_Work instructions:_ What is needed is a word-for-word transcript of the listing, free of pictures.

_Data extract:_
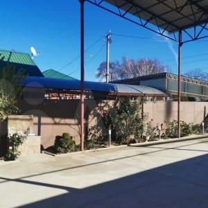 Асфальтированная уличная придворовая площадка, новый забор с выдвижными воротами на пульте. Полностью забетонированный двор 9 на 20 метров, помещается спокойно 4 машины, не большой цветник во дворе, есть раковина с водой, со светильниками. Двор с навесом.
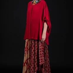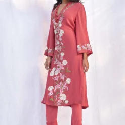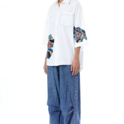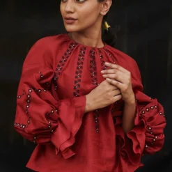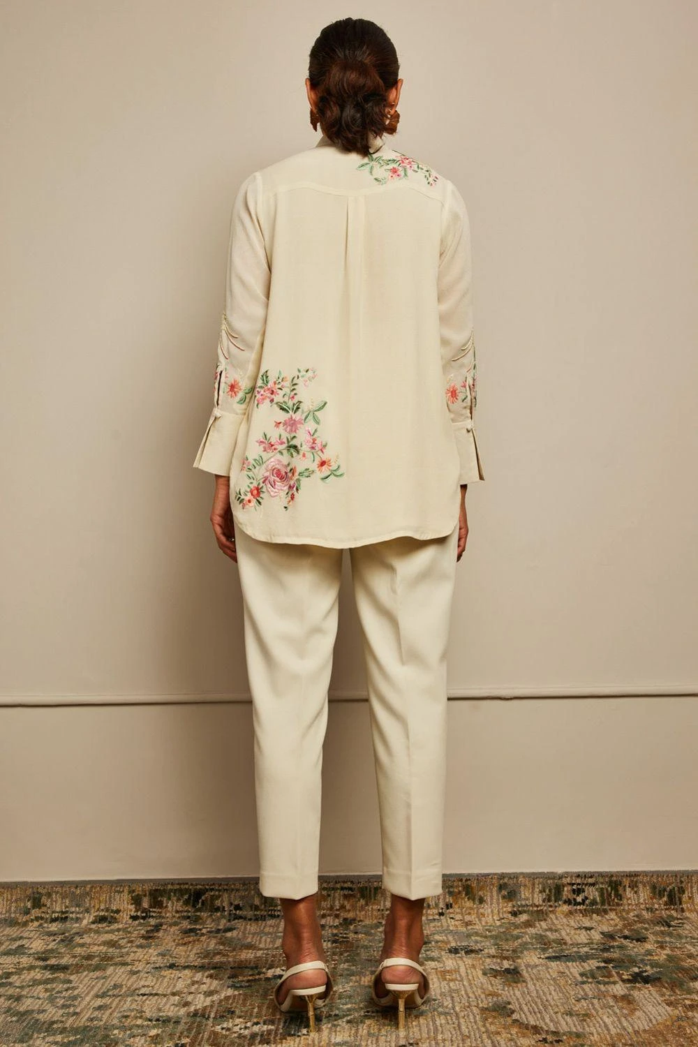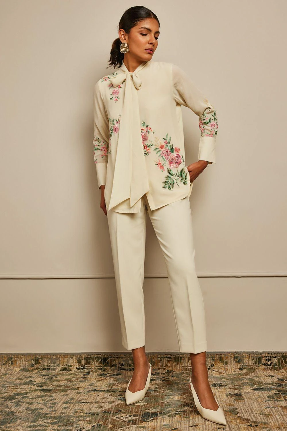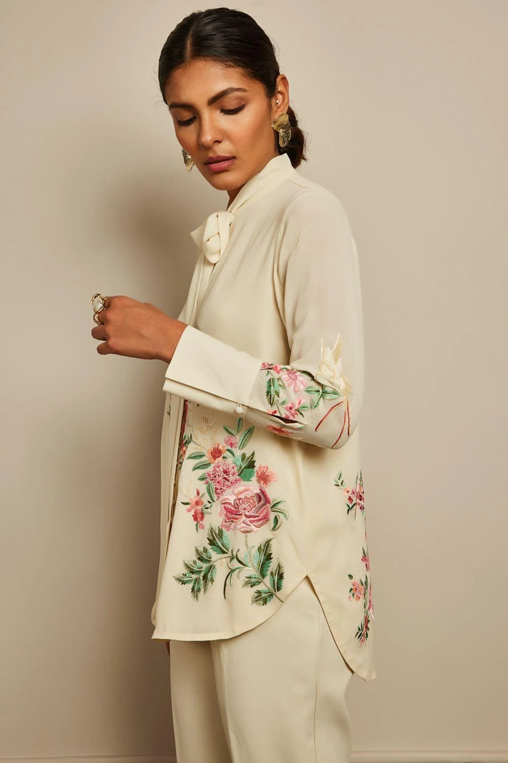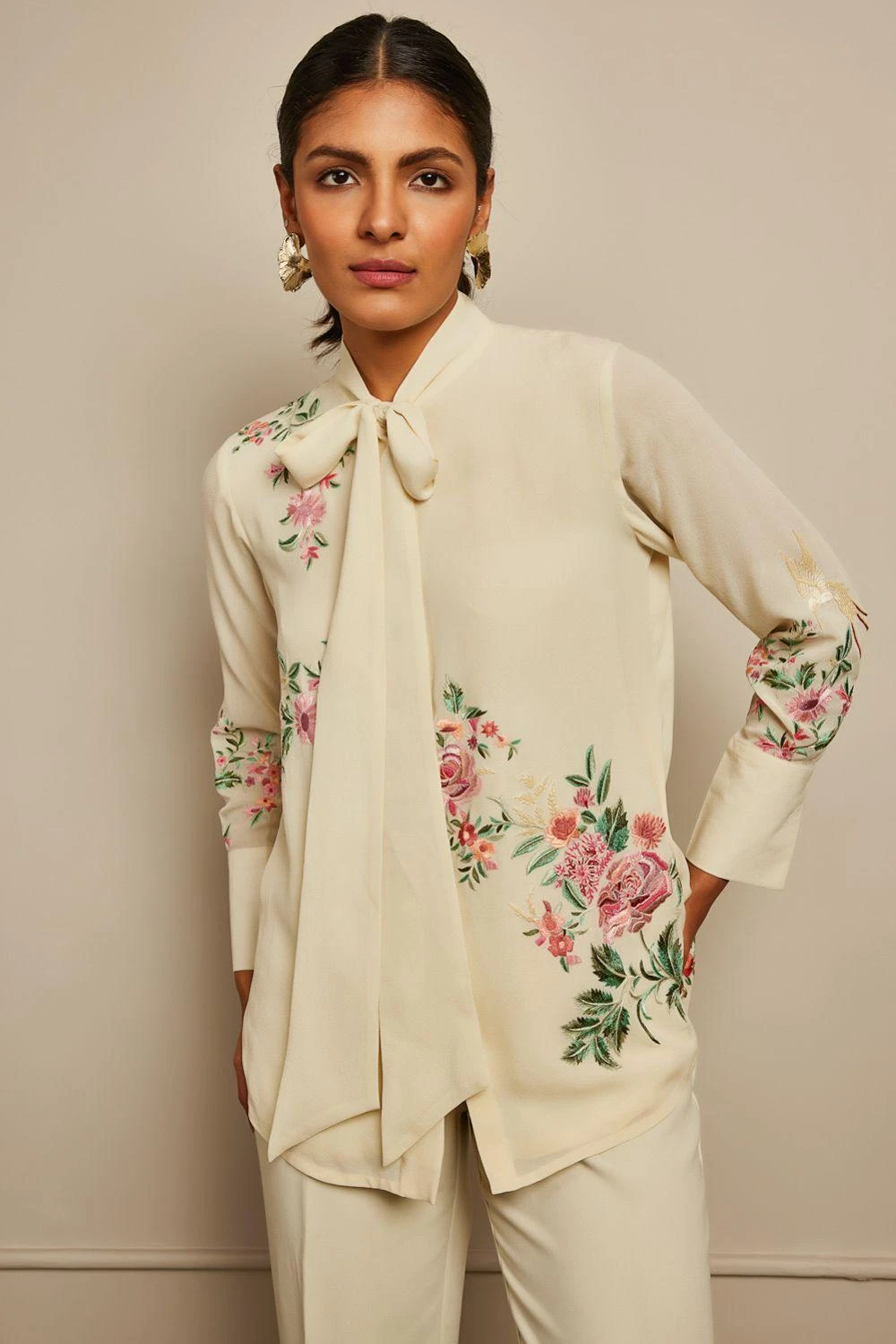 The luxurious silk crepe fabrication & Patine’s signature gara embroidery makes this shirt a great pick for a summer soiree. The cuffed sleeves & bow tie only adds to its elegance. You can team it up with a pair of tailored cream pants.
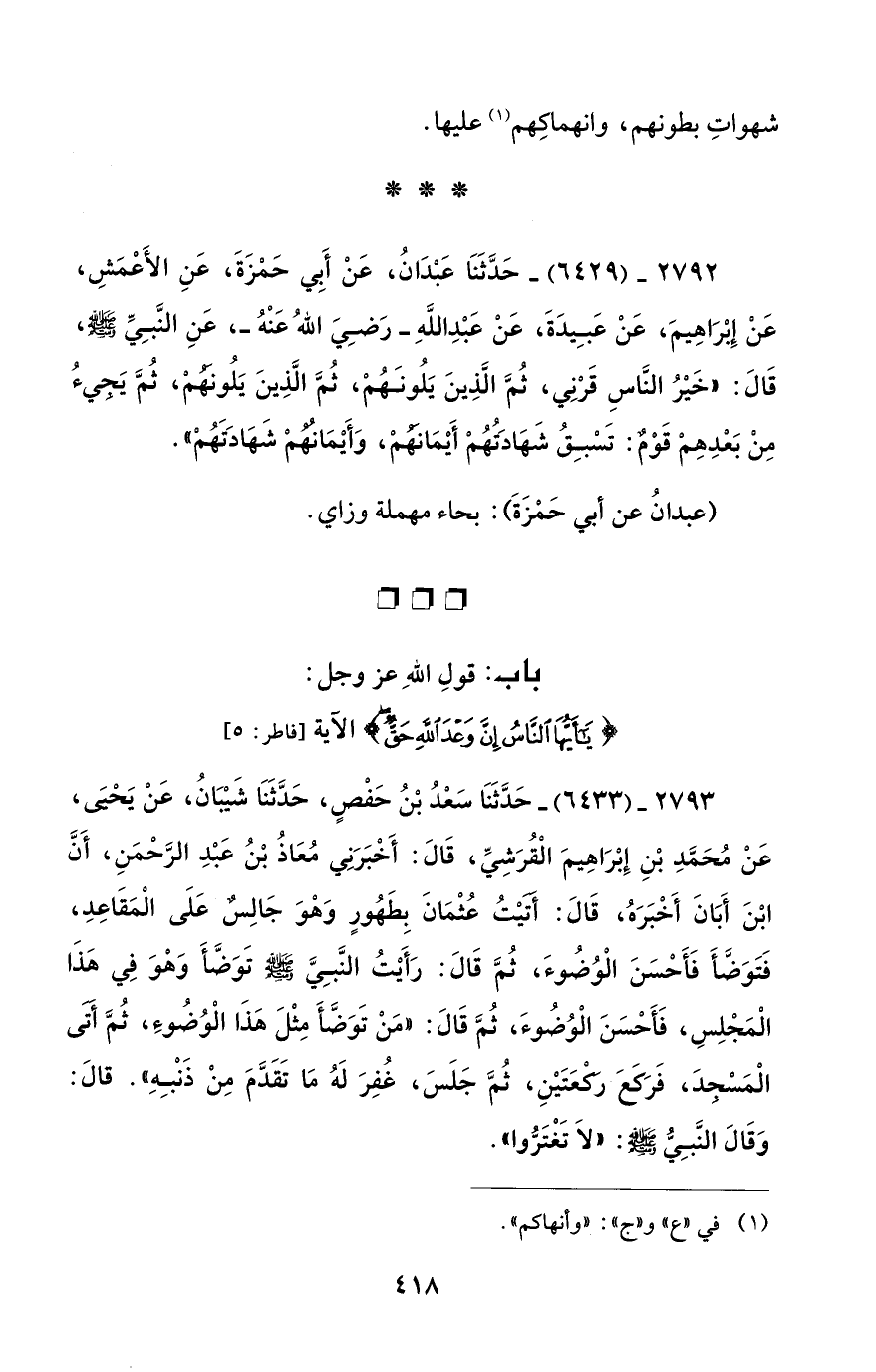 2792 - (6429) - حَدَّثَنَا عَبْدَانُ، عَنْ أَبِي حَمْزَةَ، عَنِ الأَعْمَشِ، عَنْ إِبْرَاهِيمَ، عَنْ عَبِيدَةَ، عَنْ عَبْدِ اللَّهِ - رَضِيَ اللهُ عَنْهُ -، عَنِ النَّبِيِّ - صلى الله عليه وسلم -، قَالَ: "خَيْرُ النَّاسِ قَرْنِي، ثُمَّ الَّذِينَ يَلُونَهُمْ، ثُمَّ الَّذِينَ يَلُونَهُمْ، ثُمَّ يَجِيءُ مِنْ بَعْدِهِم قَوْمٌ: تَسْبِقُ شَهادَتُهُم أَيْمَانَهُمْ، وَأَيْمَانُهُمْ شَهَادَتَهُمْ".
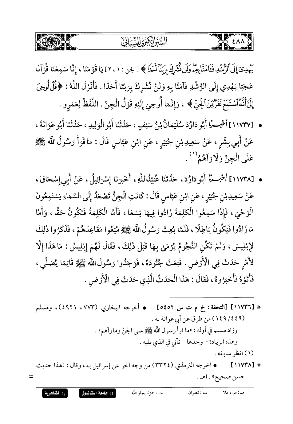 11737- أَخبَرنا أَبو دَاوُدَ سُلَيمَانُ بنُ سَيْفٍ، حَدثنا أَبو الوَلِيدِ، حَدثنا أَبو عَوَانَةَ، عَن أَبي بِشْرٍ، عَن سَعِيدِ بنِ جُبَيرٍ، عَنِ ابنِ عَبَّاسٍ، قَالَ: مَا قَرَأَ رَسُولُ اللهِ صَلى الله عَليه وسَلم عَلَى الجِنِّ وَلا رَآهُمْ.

_Written response:_
 Асфальтированная уличная придворовая площадка, новый забор с выдвижными воротами на пульте. Полностью забетонированный двор 9 на 20 метров, помещается спокойно 4 машины, не большой цветник во дворе, есть раковина с водой, со светильниками. Двор с навесом.
 The luxurious silk crepe fabrication & Patine’s signature gara embroidery makes this shirt a great pick for a summer soiree. The cuffed sleeves & bow tie only adds to its elegance. You can team it up with a pair of tailored cream pants.
 2792 - (6429) - حَدَّثَنَا عَبْدَانُ، عَنْ أَبِي حَمْزَةَ، عَنِ الأَعْمَشِ، عَنْ إِبْرَاهِيمَ، عَنْ عَبِيدَةَ، عَنْ عَبْدِ اللَّهِ - رَضِيَ اللهُ عَنْهُ -، عَنِ النَّبِيِّ - صلى الله عليه وسلم -، قَالَ: "خَيْرُ النَّاسِ قَرْنِي، ثُمَّ الَّذِينَ يَلُونَهُمْ، ثُمَّ الَّذِينَ يَلُونَهُمْ، ثُمَّ يَجِيءُ مِنْ بَعْدِهِم قَوْمٌ: تَسْبِقُ شَهادَتُهُم أَيْمَانَهُمْ، وَأَيْمَانُهُمْ شَهَادَتَهُمْ".
 11737- أَخبَرنا أَبو دَاوُدَ سُلَيمَانُ بنُ سَيْفٍ، حَدثنا أَبو الوَلِيدِ، حَدثنا أَبو عَوَانَةَ، عَن أَبي بِشْرٍ، عَن سَعِيدِ بنِ جُبَيرٍ، عَنِ ابنِ عَبَّاسٍ، قَالَ: مَا قَرَأَ رَسُولُ اللهِ صَلى الله عَليه وسَلم عَلَى الجِنِّ وَلا رَآهُمْ.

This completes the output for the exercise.